*Activity*. Starting at the first line of the data, print every line up to and including the one with "Golf player at", but no pictures.

Entries shown Start Marker

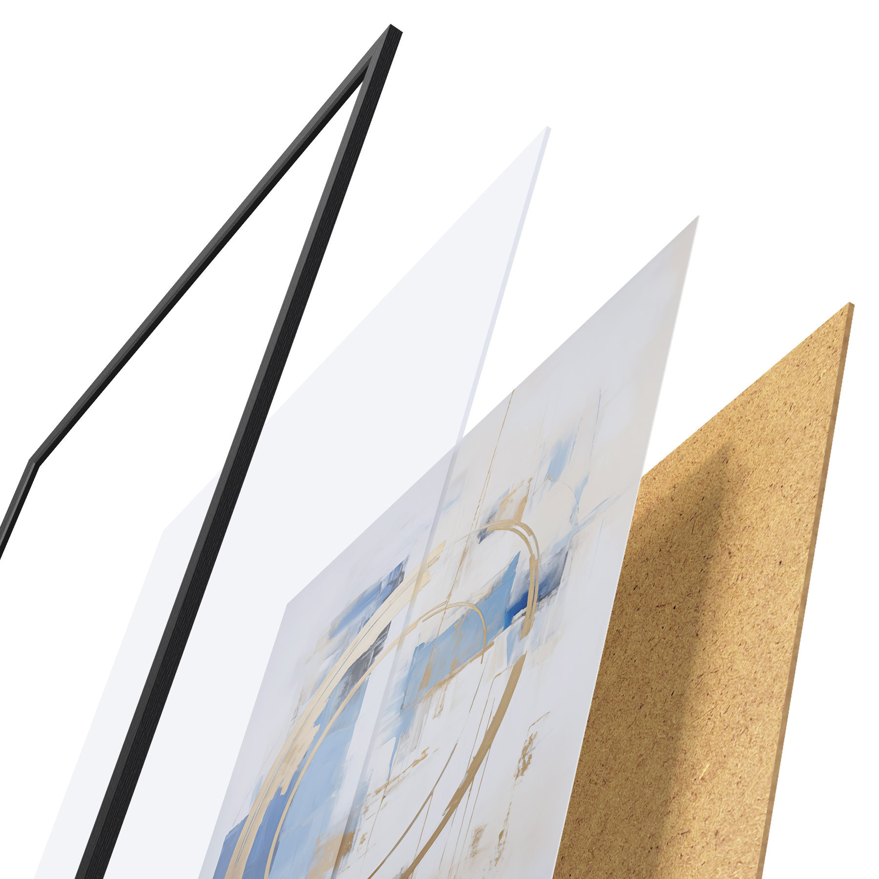 De poster bestaat uit een frame, plexiglas, geprinte afbeelding en spaanplaat achterkant. De poster kan meteen aan de muur worden gehangen dankzij de bevestigingen op de achterkant.
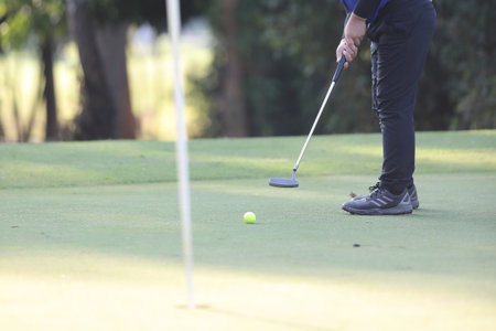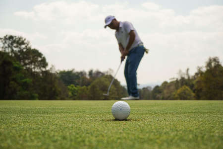 Golf player at the putting green. Hitting ball into a hole
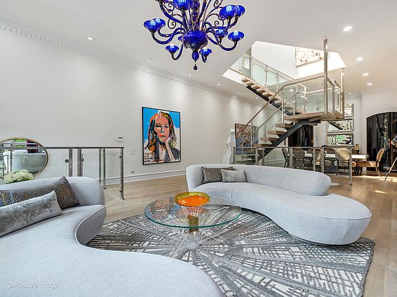 Spectacular, sun-drenched, Lincoln Park custom remodeled 5BR/4.1BA single family home situated in the heart of the trendy and walkable Armitage area on one of Lincoln Park's most desirable A+ blocks. This dazzling, light-filled home with ideal east/west exposure delights with its lofty ceiling heights, dramatic spaces, amazing windows, and magazine-caliber interior design. Gather family and friends to give your holiday toasts from the striking custom staircase created by Iron and Wire rising upward under a 22FT sky-lit atrium. Not to be outdone, the exceptional one-of-a-kind primary suite offers 23FT ceilings elevating into an upper level office and den area from which hangs a breathtaking 15FT Sogni di Cristallo chandelier handmade in Italy of Venetian blown glass. The home's main level has airy 12FT ceilings, fabulous wall space for displaying art, and a large west-facing family room off of the kitchen that opens effortlessly onto a spacious terrace with attached Solaire infrared gas grill and an adjoining garage roof top deck. The stunning chef's eat-in kitchen includes top-of-the-line Sub-Zero and Wolf appliances with two ovens plus a warming drawer, Silestone Lyra quartz countertops, custom cabinetry with 66" tall double-box uppers and numerous specialty features, and mosaic stainless steel backsplash with under-cabinet lighting. Every bathroom has been remodeled including the sumptuous primary bath with heated floors, waterfall shower with body sprays, tranquil soaker tub, extra-wide vanity with quartz countertops, and adjacent walk-in closet organized by California Closets. Other fine features include 5" white oak hardwood floors, blue Murano glass chandelier, chevron mosaic fireplace, custom glass and oak railings, and a remodeled basement with breezeway to an attached two car garage. Meticulously maintained home from top to bottom including all new Marvin windows throughout. Welcome home to the very best of urban residential living!
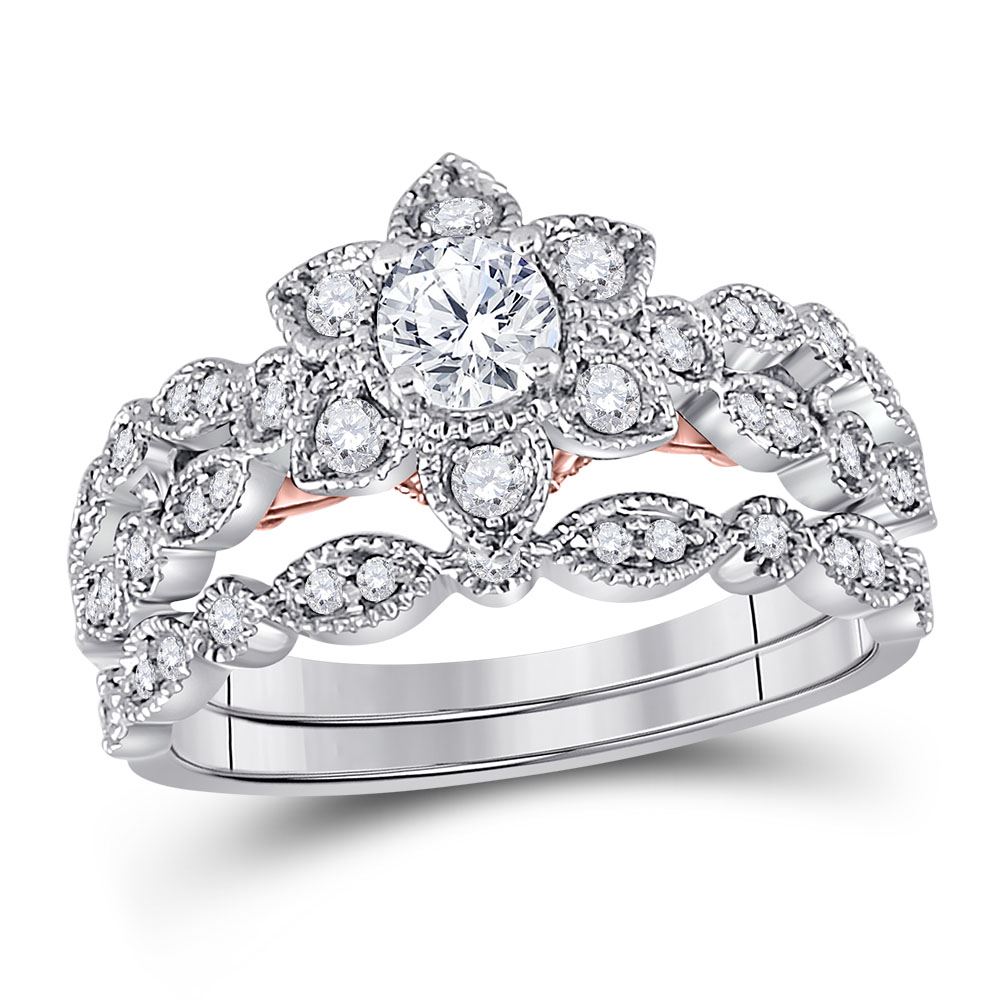 REF-93K9Y ---- Round Diamond Flower Bridal Wedding Ring Band Set 3/4 Cttw 14kt Two-tone Gold
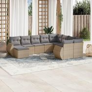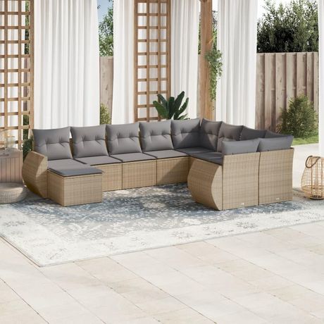 Salon de jardin avec coussins 10 pcs beige resine tressee

Entries shown End Marker

*Answer to the exercise*.
 De poster bestaat uit een frame, plexiglas, geprinte afbeelding en spaanplaat achterkant. De poster kan meteen aan de muur worden gehangen dankzij de bevestigingen op de achterkant.
 Golf player at the putting green. Hitting ball into a hole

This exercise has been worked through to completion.